Find the line with "Accentuate your look" in the records below. Copy it and every line after it, up to and including the line with "Karnet Konfetti Urodziny 50 (cyfry, damskie)".

Top of Provided records

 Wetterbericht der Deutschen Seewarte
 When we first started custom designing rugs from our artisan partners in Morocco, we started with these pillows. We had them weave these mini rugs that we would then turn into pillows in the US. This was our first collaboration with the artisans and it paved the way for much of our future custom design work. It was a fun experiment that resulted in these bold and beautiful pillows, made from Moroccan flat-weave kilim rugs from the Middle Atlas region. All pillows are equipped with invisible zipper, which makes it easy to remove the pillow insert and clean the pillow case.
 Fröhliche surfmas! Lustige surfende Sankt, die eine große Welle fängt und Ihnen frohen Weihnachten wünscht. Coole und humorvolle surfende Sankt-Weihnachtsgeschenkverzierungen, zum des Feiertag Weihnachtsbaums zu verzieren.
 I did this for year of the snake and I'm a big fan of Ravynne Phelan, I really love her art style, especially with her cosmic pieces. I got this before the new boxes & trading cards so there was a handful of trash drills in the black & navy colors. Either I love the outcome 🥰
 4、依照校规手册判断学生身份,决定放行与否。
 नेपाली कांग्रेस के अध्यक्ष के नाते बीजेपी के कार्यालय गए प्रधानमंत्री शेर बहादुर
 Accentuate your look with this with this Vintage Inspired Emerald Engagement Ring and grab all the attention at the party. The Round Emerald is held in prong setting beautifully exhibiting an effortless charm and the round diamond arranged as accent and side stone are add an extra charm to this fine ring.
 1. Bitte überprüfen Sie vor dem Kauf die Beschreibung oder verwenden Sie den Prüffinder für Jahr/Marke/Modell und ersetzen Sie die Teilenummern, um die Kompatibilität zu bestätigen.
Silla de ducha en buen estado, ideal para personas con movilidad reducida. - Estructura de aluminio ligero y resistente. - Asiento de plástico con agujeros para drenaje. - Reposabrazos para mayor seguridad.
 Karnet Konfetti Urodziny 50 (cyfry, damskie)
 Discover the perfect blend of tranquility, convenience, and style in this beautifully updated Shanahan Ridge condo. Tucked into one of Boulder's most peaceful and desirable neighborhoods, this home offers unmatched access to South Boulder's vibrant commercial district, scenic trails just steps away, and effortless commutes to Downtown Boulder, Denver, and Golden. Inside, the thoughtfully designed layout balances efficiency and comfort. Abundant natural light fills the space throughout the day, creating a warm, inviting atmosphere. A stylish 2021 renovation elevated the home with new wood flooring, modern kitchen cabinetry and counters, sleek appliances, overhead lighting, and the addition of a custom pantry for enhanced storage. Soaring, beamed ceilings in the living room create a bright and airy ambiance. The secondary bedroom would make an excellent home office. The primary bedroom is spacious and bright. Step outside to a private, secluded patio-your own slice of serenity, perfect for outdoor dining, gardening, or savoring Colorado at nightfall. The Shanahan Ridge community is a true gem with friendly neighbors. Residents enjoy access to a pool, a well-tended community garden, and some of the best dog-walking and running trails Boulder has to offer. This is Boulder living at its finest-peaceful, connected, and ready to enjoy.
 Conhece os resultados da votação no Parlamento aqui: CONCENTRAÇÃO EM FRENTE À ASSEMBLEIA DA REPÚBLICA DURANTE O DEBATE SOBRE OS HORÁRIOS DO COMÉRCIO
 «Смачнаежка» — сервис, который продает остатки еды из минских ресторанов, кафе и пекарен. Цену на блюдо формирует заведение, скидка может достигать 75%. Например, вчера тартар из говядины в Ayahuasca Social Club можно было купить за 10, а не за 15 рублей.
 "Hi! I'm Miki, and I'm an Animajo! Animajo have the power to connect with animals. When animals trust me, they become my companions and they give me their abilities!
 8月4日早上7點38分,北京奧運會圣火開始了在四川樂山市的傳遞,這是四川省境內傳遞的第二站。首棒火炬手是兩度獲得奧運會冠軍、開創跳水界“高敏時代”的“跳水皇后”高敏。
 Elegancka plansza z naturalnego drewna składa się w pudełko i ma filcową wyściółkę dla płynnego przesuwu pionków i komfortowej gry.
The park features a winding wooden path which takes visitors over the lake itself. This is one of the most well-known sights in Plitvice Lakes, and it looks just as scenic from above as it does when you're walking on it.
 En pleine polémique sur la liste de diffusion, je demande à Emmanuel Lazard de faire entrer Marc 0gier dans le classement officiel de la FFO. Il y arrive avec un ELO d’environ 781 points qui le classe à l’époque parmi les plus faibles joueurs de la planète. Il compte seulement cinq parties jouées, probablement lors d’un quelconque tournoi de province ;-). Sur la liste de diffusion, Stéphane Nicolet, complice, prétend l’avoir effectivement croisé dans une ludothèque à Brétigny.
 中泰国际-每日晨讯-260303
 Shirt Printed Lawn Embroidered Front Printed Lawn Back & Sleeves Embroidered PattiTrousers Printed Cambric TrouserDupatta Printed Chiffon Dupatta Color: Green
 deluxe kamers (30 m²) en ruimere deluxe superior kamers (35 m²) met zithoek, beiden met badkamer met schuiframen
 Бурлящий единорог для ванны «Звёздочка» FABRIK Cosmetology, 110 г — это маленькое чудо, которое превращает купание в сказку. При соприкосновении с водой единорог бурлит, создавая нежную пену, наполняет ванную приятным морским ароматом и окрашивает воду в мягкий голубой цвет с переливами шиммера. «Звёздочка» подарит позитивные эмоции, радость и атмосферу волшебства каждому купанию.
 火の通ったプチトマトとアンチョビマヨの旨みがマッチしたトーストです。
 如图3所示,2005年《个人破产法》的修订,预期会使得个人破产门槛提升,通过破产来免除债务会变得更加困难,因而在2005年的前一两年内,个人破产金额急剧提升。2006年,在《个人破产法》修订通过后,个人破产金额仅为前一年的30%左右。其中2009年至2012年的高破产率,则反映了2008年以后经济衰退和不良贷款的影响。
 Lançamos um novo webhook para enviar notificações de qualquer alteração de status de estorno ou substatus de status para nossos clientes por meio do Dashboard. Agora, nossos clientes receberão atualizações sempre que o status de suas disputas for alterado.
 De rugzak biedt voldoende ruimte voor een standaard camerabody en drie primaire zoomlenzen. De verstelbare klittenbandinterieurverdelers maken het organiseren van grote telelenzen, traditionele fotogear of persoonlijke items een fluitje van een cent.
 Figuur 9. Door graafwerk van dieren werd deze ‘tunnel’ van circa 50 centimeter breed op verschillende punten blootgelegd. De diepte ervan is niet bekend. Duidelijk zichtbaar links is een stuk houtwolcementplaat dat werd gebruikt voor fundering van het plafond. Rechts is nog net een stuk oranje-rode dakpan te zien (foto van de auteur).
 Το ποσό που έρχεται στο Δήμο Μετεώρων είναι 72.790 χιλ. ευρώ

Bottom of Provided records

Result:
 Accentuate your look with this with this Vintage Inspired Emerald Engagement Ring and grab all the attention at the party. The Round Emerald is held in prong setting beautifully exhibiting an effortless charm and the round diamond arranged as accent and side stone are add an extra charm to this fine ring.
 1. Bitte überprüfen Sie vor dem Kauf die Beschreibung oder verwenden Sie den Prüffinder für Jahr/Marke/Modell und ersetzen Sie die Teilenummern, um die Kompatibilität zu bestätigen.
Silla de ducha en buen estado, ideal para personas con movilidad reducida. - Estructura de aluminio ligero y resistente. - Asiento de plástico con agujeros para drenaje. - Reposabrazos para mayor seguridad.
 Karnet Konfetti Urodziny 50 (cyfry, damskie)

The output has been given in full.